Slashdot Mirror


New 25x Data Compression?

modapi writes "StorageMojo is reporting that a company at Storage Networking World in San Diego has made a startling claim of 25x data compression for digital data storage. A combination of de-duplication and calculating and storing only the changes between similar byte streams is apparently the key. Imagine storing a terabyte of data on a single disk, and it all runs on Linux." Obviously nothing concrete or released yet so take with the requisite grain of salt.

7 of 438 comments (clear)

  1. What kind of data? by Short+Circuit · · Score: 4, Insightful

    I can create a compression algorithm that compresses my 2GB of data to 1 bit. But it would be crap for any other datastream fed to it.

    1. Re:What kind of data? by ivan256 · · Score: 5, Insightful

      The article says:

      it can compress anything: email, databases, archives, mp3's, encrypted data or whatever weird data format your favorite program uses.

      In other words, they're full of crap.

    2. Re:What kind of data? by slimey_limey · · Score: 4, Insightful

      So it can compress its own output? Sweet....

    3. Re:What kind of data? by devjoe · · Score: 5, Insightful

      Well, there's an idea here that might hold some truth. Note that they are marketing it to data centers, people with LOTS and LOTS of files. Because people tend to have multiple copies of the same files, they can achieve great compression by eliminating the duplicate copies in the archive -- or likewise, any files with large sections that are the same among various files.

      20 email accounts subscribed to the same mailing list? Store the bodies of those e-mails only once, and you save a big chunk of disk space. A bunch of people downloaded the same MP3 file? We only need one copy in the archive. As long as there are multiple copies of the same data, it can compress any type of data.

      The difference here is that they are taking advantage of the redundancy of files across an entire filesystem (and a HUGE one), rather than the redundancies within an individual file. (I would assume they also do the latter type of compression with a conventional algorithm.) 25x compression seems extreme, but I am sure they can achieve some extra compression here.

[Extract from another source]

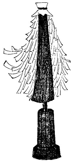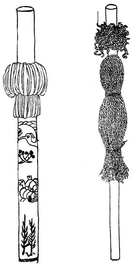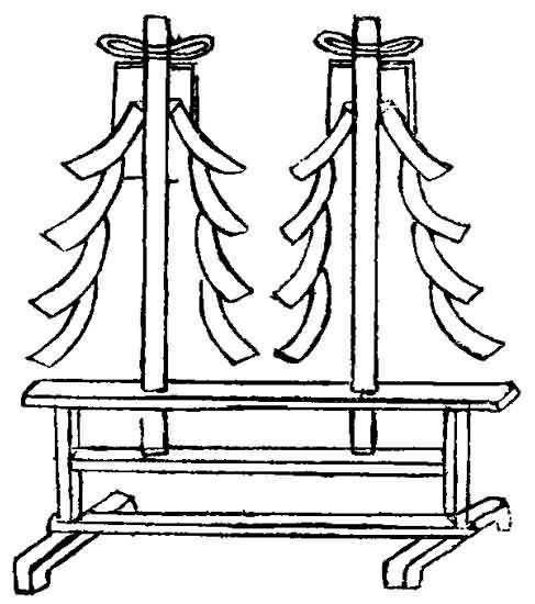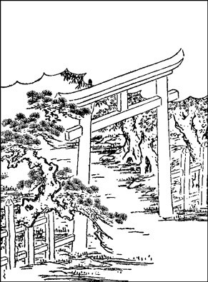 Tori-wi.--The approach to a Shinto shrine is marked by one or more gateways or arches of the special form shown in the illustration (p. 233) and known as tori-wi. This word means literally "bird-perch," in the sense of a henroost. By analogy it was applied to anything of the same shape, as a clothes-horse, or the lintel of a door or gateway. As an honorary gateway, the tori-wi is a continental institution identical in purpose and resembling in form the turan of India, the pailoo of China, and the hong-sal-mun of Korea. When introduced into Japan at some unknown date (the Kojiki and Nihongi do not mention them) the Japanese called them tori-wi, which then meant simply gateway, but subsequently acquired its present more specific application. It sometimes serves the purpose of marking the direction of a distant object of worship.[189]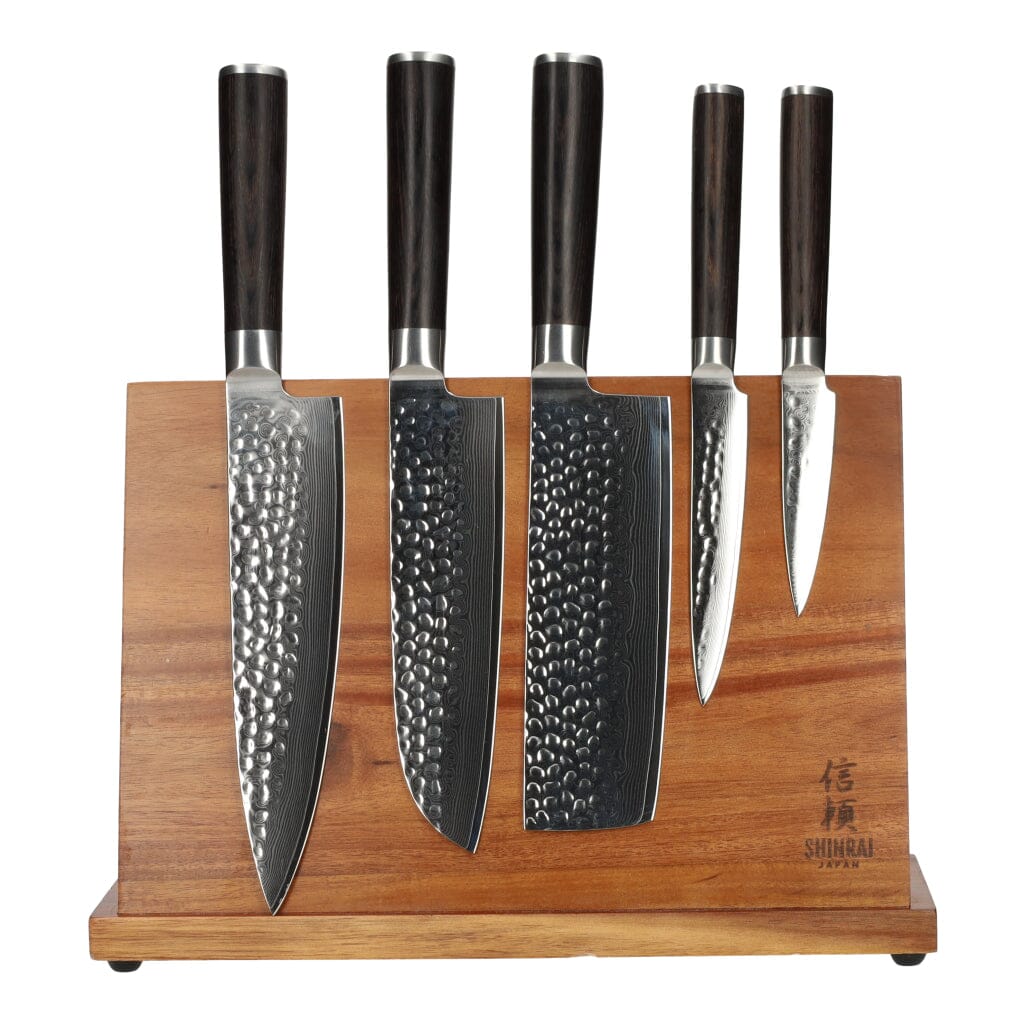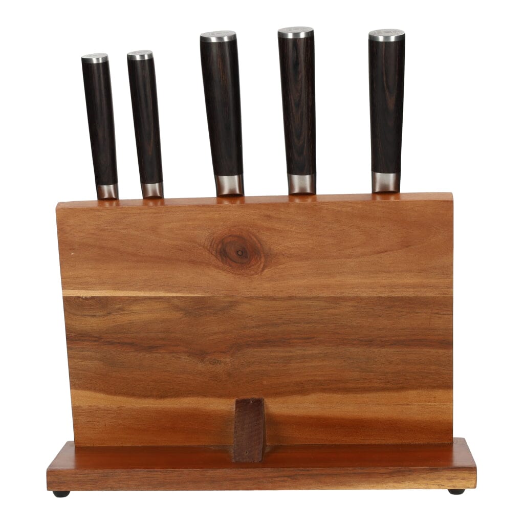 Ce bloc à couteaux en bois d'acacia est livré avec 5 couteaux de la série Hammered Damast BR qui conviennent à diverses tâches de coupe en cuisine. La combinaison de manches en bois de pakka et d'un bloc à couteaux en bois d'acacia fera vraiment ressortir les couteaux.

  2. *sniff* by bryanp · · Score: 4, Insightful

    *sniff* *sniff* *sniff*

    I smell ... vapor.

    --
    "An unarmed man can only flee from evil, and evil is not overcome by fleeing from it." Col. Jeff Cooper
  3. Dubious by pilkul · · Score: 4, Insightful

    Stuff like new compression algorithms generally comes out in academic papers, which are then applied in practice by regular programmers. That's what happened with the Burrows-Wheeler algorithm at the core of bzip2. Some company concerned with mostly implementation rather than theory wouldn't come up with a revolutionary advance. The writeup is very vague, but it sounds to me like they're just using a simple LZ type algorithm, and they're only claiming 25x compression if the data is mostly the same already. Well duh.

  4. TFA by pcosta · · Score: 4, Insightful

    If everybody stopped laughing and actually RTFA, they aren't claiming 25x compression on anything. The algorithm is targeted at data backup, i.e. very large files and works by comparing incoming data patterns to patterns already stored. Looks like a modification of LZH that uses the compressed file as the pattern table. I'm not saying that it works or that is a breakthrough, but they are not claiming impossible lossless compression on anything. It might actually be interesting for the application it was designed for.